The problem: Give again, word for word, every line below from the one that has "市販のペットボトル2Lを装着" through the one that has "Kompaktní taška - ledvinka", both included, and no others.

Material supplied:
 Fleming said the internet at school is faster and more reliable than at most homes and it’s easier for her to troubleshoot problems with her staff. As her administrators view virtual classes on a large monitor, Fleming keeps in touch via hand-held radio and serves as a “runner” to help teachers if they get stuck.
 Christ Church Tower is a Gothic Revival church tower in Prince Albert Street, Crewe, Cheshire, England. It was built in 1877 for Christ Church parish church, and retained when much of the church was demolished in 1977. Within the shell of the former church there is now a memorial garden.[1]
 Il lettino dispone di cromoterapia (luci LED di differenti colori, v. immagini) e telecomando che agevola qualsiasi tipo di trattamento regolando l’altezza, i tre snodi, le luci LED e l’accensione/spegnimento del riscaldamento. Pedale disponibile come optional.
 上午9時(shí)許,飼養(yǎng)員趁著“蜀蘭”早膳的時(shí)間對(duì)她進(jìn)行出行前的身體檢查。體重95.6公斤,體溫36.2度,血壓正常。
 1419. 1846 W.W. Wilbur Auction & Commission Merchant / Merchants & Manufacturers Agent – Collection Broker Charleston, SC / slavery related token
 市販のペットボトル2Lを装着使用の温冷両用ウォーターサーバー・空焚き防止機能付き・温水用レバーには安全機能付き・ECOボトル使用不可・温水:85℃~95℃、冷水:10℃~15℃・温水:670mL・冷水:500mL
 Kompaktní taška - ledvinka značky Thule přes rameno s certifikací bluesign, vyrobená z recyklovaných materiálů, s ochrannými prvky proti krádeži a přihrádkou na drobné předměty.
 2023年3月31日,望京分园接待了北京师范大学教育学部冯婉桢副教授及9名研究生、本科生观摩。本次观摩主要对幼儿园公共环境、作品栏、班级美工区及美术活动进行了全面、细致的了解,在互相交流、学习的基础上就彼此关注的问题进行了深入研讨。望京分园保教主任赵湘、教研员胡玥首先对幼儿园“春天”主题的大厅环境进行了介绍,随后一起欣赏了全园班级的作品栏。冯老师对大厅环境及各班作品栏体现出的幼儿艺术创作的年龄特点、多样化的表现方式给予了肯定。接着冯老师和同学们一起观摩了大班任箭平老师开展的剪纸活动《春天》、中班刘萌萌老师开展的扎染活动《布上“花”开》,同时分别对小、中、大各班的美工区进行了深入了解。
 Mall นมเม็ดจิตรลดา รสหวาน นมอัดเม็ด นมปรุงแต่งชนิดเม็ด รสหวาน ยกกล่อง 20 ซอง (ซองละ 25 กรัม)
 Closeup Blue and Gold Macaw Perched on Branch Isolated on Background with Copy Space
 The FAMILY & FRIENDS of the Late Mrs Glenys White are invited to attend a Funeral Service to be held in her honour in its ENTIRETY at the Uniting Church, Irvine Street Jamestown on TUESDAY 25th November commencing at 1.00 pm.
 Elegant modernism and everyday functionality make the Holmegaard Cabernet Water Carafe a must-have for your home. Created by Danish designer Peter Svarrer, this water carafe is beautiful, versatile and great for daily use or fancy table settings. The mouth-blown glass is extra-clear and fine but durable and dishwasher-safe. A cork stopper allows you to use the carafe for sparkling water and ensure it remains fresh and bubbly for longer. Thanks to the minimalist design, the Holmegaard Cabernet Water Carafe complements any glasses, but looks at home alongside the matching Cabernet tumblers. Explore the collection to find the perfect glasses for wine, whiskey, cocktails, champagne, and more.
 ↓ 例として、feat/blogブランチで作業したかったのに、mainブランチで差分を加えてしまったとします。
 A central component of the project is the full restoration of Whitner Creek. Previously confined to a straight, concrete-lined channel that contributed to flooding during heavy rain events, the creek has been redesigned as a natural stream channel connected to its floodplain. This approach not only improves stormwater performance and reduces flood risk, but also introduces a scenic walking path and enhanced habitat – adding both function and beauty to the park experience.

Answer for the task:
 市販のペットボトル2Lを装着使用の温冷両用ウォーターサーバー・空焚き防止機能付き・温水用レバーには安全機能付き・ECOボトル使用不可・温水:85℃~95℃、冷水:10℃~15℃・温水:670mL・冷水:500mL
 Kompaktní taška - ledvinka značky Thule přes rameno s certifikací bluesign, vyrobená z recyklovaných materiálů, s ochrannými prvky proti krádeži a přihrádkou na drobné předměty.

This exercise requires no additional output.